One of the problems with Nightmares is that there is no wrap-around story that is crucial to most anthology films (these could have easily been someone reflecting on their own nightmares in a therapy session). Instead, Nightmares plays like a collection of short films, feeling a bit disjointed as it moves from story to story. It would also help if the stories had some real scare moments in them.

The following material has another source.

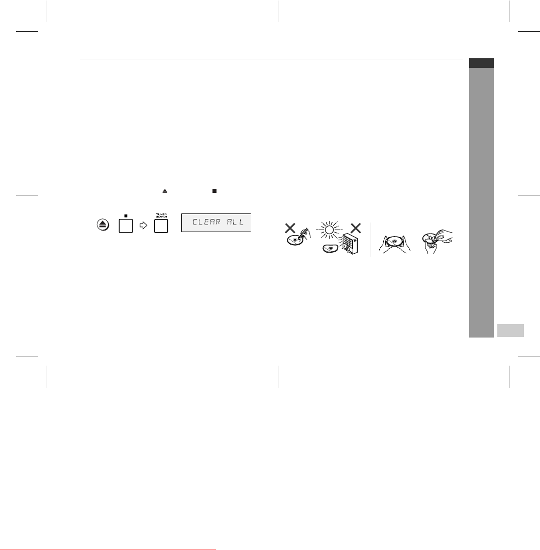 TUNER (BAND) button until "CLEAR ALL" appears.
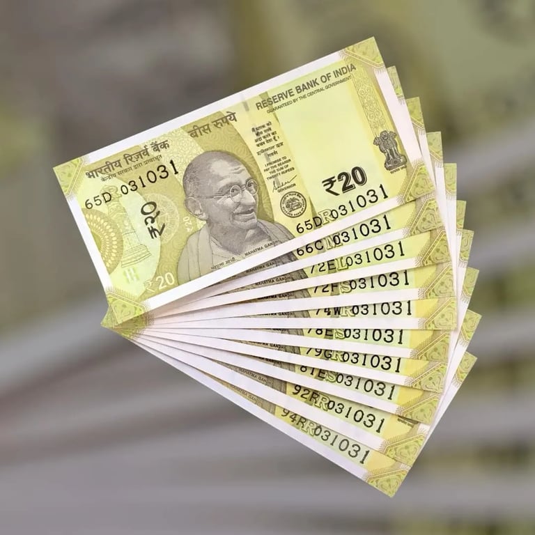 RS 20 INDIA BANK NOTE SEMI FANCY 10 NOTE SAME NUMBER SETS 031031 UNIQUE AND RARE

Even more strange, the film received an R rating from the MPAA, even though there were very few reshoots after NBC backed out from airing the pilot, and the final film is fairly tame even by 1980s standards.
3D Rating: NA
Nightmares arrives on Blu-ray from Scream Factory, offering the viewer a choice of watching the film in its 1.78:1 theatrical aspect ratio or a side-cropped 1.33:1 television aspect ratio.
The 1.78:1 would be the preferred viewing choice, as it gives the film a more cinematic feel, with more information on the sides of the frame, which makes sense since most TV movies from this era, especially those at Universal, were filmed with the prospects of an international theatrical release. That being said, this is a rather drab transfer, with an overall softness and muted but consistent colors. There doesn’t appear to be any artificial sharpening or smoothing of the image. Contrast is passable, although there are some issues where detail is severely lacking due to the weak black levels.
The DTS-HD Master Audio 2.0 mono track serves its purpose, and nothing more. Dialogue is clear and understandable, never getting lost in the music or sound effects. Fidelity and dynamic range are adequate, never sounding distorted.
Special Features: 2/5
Audio Commentary with Executive Producer Andrew Mirisch and Actress Cristina Raines: Moderated by Shaun Chang, Mirisch and Raines talk about the genesis of the project, working with the actors, and Raines provides some insight on writer and producer Christopher Crowe (her husband).
Theatrical Trailer (1080i; 1:44)
Radio Spots (1:35)
Fans will like the insight provided on the commentary track, which will put to rest the rumors that Nightmares was nothing more than unaired episodes of the anthology series Darkroom (it wasn’t, and you can tell which Blu-ray reviewers took the time to listen to the commentary and which did not).